DATA EXTRACT ::
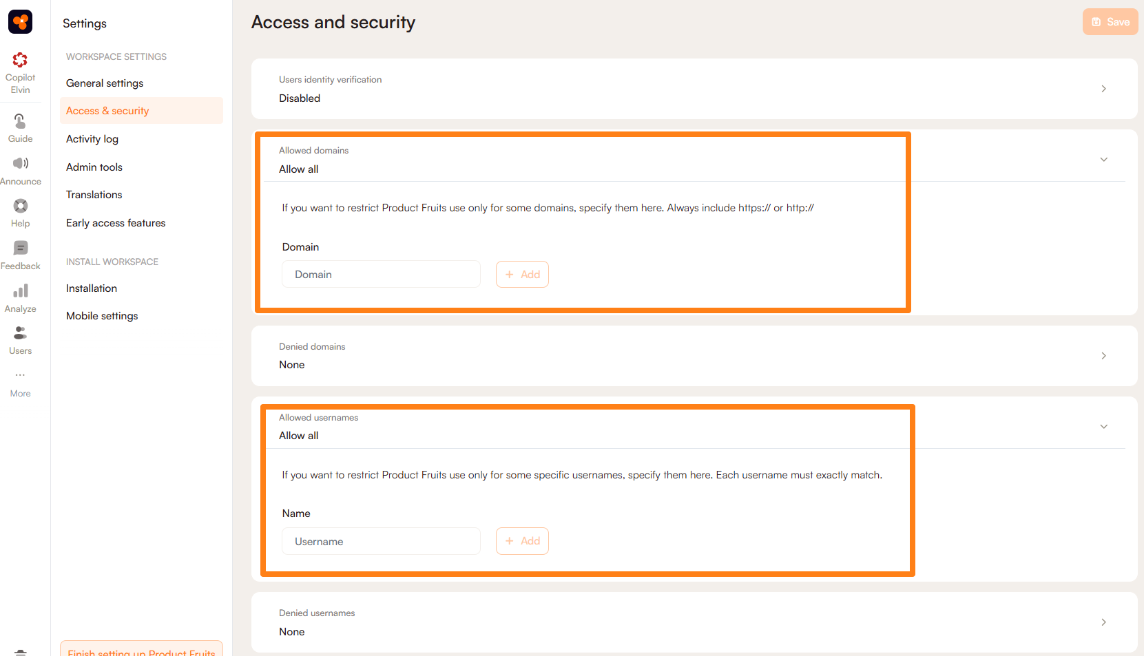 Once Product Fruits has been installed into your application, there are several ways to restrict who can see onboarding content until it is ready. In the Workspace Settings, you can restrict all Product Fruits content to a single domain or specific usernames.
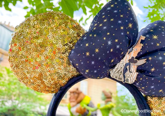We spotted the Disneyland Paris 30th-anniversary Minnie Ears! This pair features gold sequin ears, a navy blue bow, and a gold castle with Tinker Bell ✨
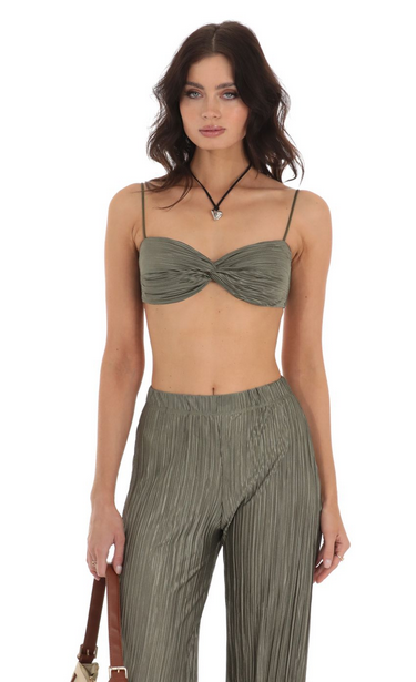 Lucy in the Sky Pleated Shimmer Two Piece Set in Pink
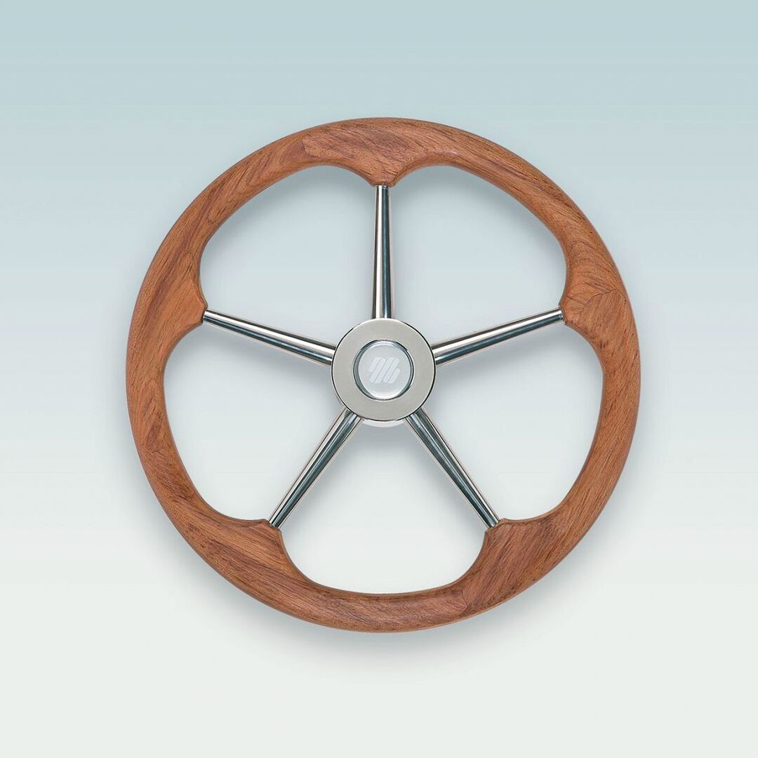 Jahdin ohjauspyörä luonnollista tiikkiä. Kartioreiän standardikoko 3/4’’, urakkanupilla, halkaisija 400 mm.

WORK TO BE COMPLETED :: Write out the listing word for word, omitting the pictures it holds.

REPLY ::
 Once Product Fruits has been installed into your application, there are several ways to restrict who can see onboarding content until it is ready. In the Workspace Settings, you can restrict all Product Fruits content to a single domain or specific usernames.
We spotted the Disneyland Paris 30th-anniversary Minnie Ears! This pair features gold sequin ears, a navy blue bow, and a gold castle with Tinker Bell ✨
 Lucy in the Sky Pleated Shimmer Two Piece Set in Pink
 Jahdin ohjauspyörä luonnollista tiikkiä. Kartioreiän standardikoko 3/4’’, urakkanupilla, halkaisija 400 mm.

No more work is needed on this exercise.